BAGHDAD, Iraq – “I am waiting to be arrested by the Americans,” declares a mirthful Ahmad Chalabi, having a bit of fun at the expense of his one-time benefactors.
These are heady days indeed for Chalabi, holding court like a 21st-century Sidney Greenstreet for a steady stream of dignitaries and journalists, many incredulous at the dazzling revival of his political fortunes.
Improbable at it seems, Chalabi, who faced a criminal prosecution here not long ago and whose office was ransacked in a U.S.-sanctioned raid, might be on the threshold of snaring the reins of power in Iraq.
The 60-year-old has emerged as one of the top two prime minister candidates of the Shiite-led political alliance that finished first in landmark elections three weeks ago and will have a slim majority on the transitional National Assembly.
Chalabi, a graduate of the Massachusetts Institute of Technology, is crunching the numbers, and aides say he has the votes to go all the way within the Shiite alliance. A secular Shiite, Chalabi ran as part of the Shiite list but was not affiliated with the two major Shiite parties.

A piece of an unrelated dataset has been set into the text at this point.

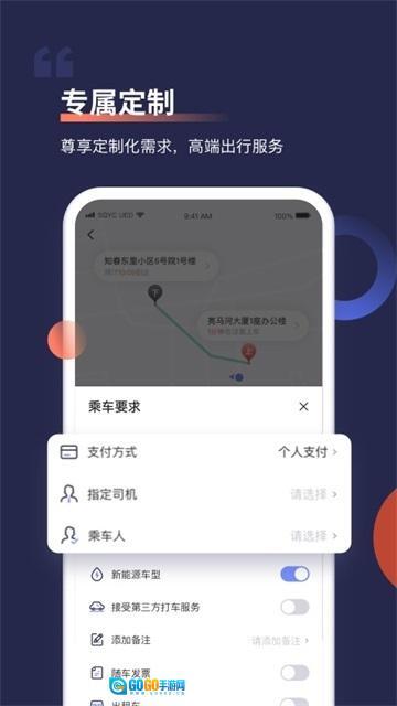 1、服务类型:即时用车、预约用车、接送机服务、代他人叫车

Even if his operatic bid for the prime minister’s post falls short, Chalabi seemingly has cemented his position as a major power broker in the new Iraq, likely with his choice of top jobs – and the opportunity to exert payback on his many adversaries. From his fortified Baghdad compound, he speaks expansively of a bright future.

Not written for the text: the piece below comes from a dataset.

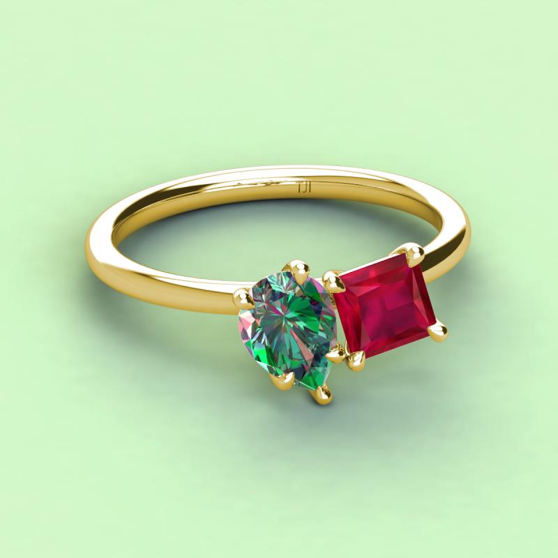 A beautiful symbol of everlasting love, this duo two-stone ring showcases a pair of Pear Shape Lab Created Alexandrite shimmering alongside of a luminous Princess Shape Lab Created Ruby crafted beautifully that represents two of you together.

“This coming back to Iraq has been the focus of my entire career,” says Chalabi, who hadn’t set foot in his homeland in more than four decades until his return in 2003 as American forces toppled Saddam Hussein.

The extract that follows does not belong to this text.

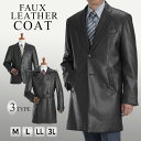 しなやかでソフトな風合いのフェイクレザーコート3タイプ。上品で高級感のあるスタイリングを演出してくれます。【お買い物マラソン 3,000円OFFクーポンあり】 コート メンズ フェイクレザーコート デザイン3型 ビジネス アウター テーラードジャケット チェスターコート トレンチコート スーツアウター カジュアル M L LL 3Lサイズ 合成皮革 ハーフ丈 ミドル丈 軽量 黒 通勤コート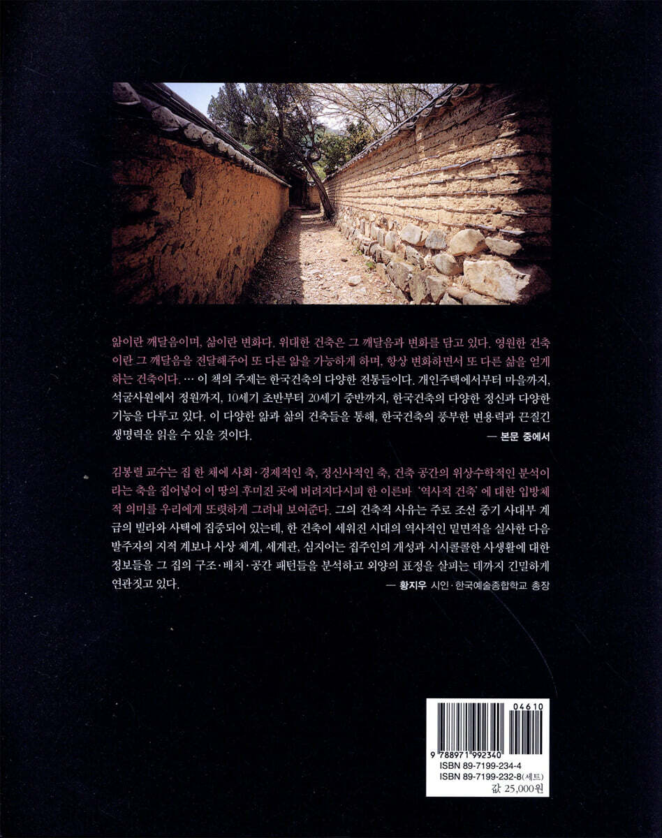 초판 서문 ㅣ 깨달음과 변화의 영원함 1. 폐허 속의 상상력, 미륵대원 상상력의 원천, 건축적 폐허|하늘재 밑의 석굴사원|자연에 대한 순응과 인공적 변형|상상적 복원|주변의 폐허들 2. 소리와 그늘과 시의 정원, 소쇄원 창평들과 별뫼의 원림들|소쇄원 경영의 뜻|3개의 레벨과 건물|구성 요소, 담장과 물길|맑고 시원함이 오는 곳|소쇄원 사람들의 보존 노력|인근의 정자들 3. 은둔을 위한 미로들, 독락당과 옥산서원 회재 이언적의 사상과 건축|적극적인 은둔의 조건|은둔을 위한 미로의 구성|독락당, 홀로 즐거운 집|옥산서원의 건축사|정통주의의 재현|안강 세 골짜기의 건축 4. 중층건축의 지역성, 양진당과 대산루 낙동강 서쪽의 이상한 집들|상주 양진당|양진당과 관련된 건축들|상주 대산루|우산동천의 건축들|상주의 건축이 갈망했던 것|상주의 이층집들 5. 예학자의 이상향, 윤증고택 윤증과 중세의 이상|향촌에 공개된 장원|안채와 안마당|사랑채와 행랑채|절제와 여유|윤증 가의 다른 건축들 6. 중세적 장원의 흔적, 선교장 강릉, 변방의 중심|장원으로서의 선교장|두 집의 집합체|집합의 데이텀들 7. 공동체 마을과 건축, 방촌마을 전통 마을에서 배우는 것|숨겨진 광맥, 방촌마을|마을과 땅의 생김새|공동체의 장소|마을 길의 구성|살림집들의 모습|개별 주택의 발견|생활 속의 디자인 능력|주변의 공동체 건물 8. 설화로 이룬 천상의 세계, 광한루원 지상에서 천상으로|남원부의 센트럴 파크|누각이란 무엇인가|누대와 누원의 사상과 설화 체계|설화와 문학이 빚은 정원 누각 9. 최후와 최고, 선암사 선암사가 최고인 이유|조계산의 두 사찰 이야기|산 속의 자족 도시|살아 있는 수도원 집단 [부록] 건축 읽기에 도움이 되는 용어해설|도면 목록|찾아보기 [발문] 옥시모론, 조선집의 아름다운 비밀 ㅣ 황지우(시인·한국예술종합학교 총장) |

To say that this lifelong devotee of the shadow world of Iraqi exile politics and intrigue savors the moment is to engage in immense understatement.
“I am going home,” Chalabi recalls replying to a U.S. commander two years ago when asked why he was heading to the Iraqi capital Baghdad with his entourage, after being airlifted in with U.S. forces.
He is the scion of the one-time Iraqi elite but left the country as a teen with his family in 1958 after the monarchy was overthrown. He spent the following decades abroad, at one point being convicted of bank fraud in Jordan.
As Saddam’s three-decade-plus regime crumbled, Chalabi, with strong backing from the Pentagon and neoconservatives within the Bush administration, seemed a good bet as Iraq’s next leader: the exile returned triumphant. U.S. authorities named Chalabi, head of the Iraqi National Congress party, to the Governing Council of Iraqi leaders appointed during the occupation.
But things went south swiftly: Many Iraqis mistrusted this larger-than life figure, U.S. officials cooled to his maneuvering, and ultimately there were inconvenient accusations, including alleged passing of secret information to Iran. Chalabi denied any wrongdoing.
The unpleasantness culminated in a violent raid on his home and party headquarters in May. Chalabi decamped, his career in Iraq seemingly in tatters. There was no MacArthur-like “I shall return” telecast live in Baghdad.
His longtime exile rival, Ayad Allawi, a distant relative, emerged as the interim prime minister and U.S. favorite. It was a bleak panorama, even for someone with a mathematical comprehension of how odds can turn.
Chalabi returned, however, and did what he does best, assiduously cultivating contacts within the Shiite community. He made repeated pilgrimages to the holy city of Najaf and the back alley housing the offices of Grand Ayatollah Ali Sistani, the powerful Shiite leader, a figure who never deigns to meet with U.S. representatives.
Today, like a forgiving father, Chalabi speaks with forbearance of U.S. authorities who forsook him.
Ironically, his very falling out with Washington might have bought Chalabi the street credibility to emerge as a viable prime minister candidate in a nation where the U.S. presence is extremely unpopular.
“It clarified the picture to a great many people here,” Chalabi says of his tiff with Washington. “There was a misperception that they (U.S. officials) were protecting me in some sense.”
As prime minister, Chalabi says, he would not seek a timetable for U.S. withdrawal – he acknowledges the need for multinational troops until Iraqi forces are ready to put down the insurgency.
But Chalabi warns he would put restraints on the U.S. operation here, seeking a status of forces agreement that would put Iraqi authorities firmly in control. A Chalabi-led government would call for the more than 8,000 U.S. detainees to be charged or released.
“I am grateful to the American men and women of the armed forces, who have helped us in our liberation from Saddam,” Chalabi declares, voicing words seldom heard from Iraqi politicians hyper-sensitive about being viewed as U.S. stooges. “And I am grateful to President Bush for having the courage to follow through on his promise to bring democracy to Iraq.”
That said, he adds, times have changed. Ahmad Chalabi is putting his enemies and detractors on notice: He will be a player in the new Iraq.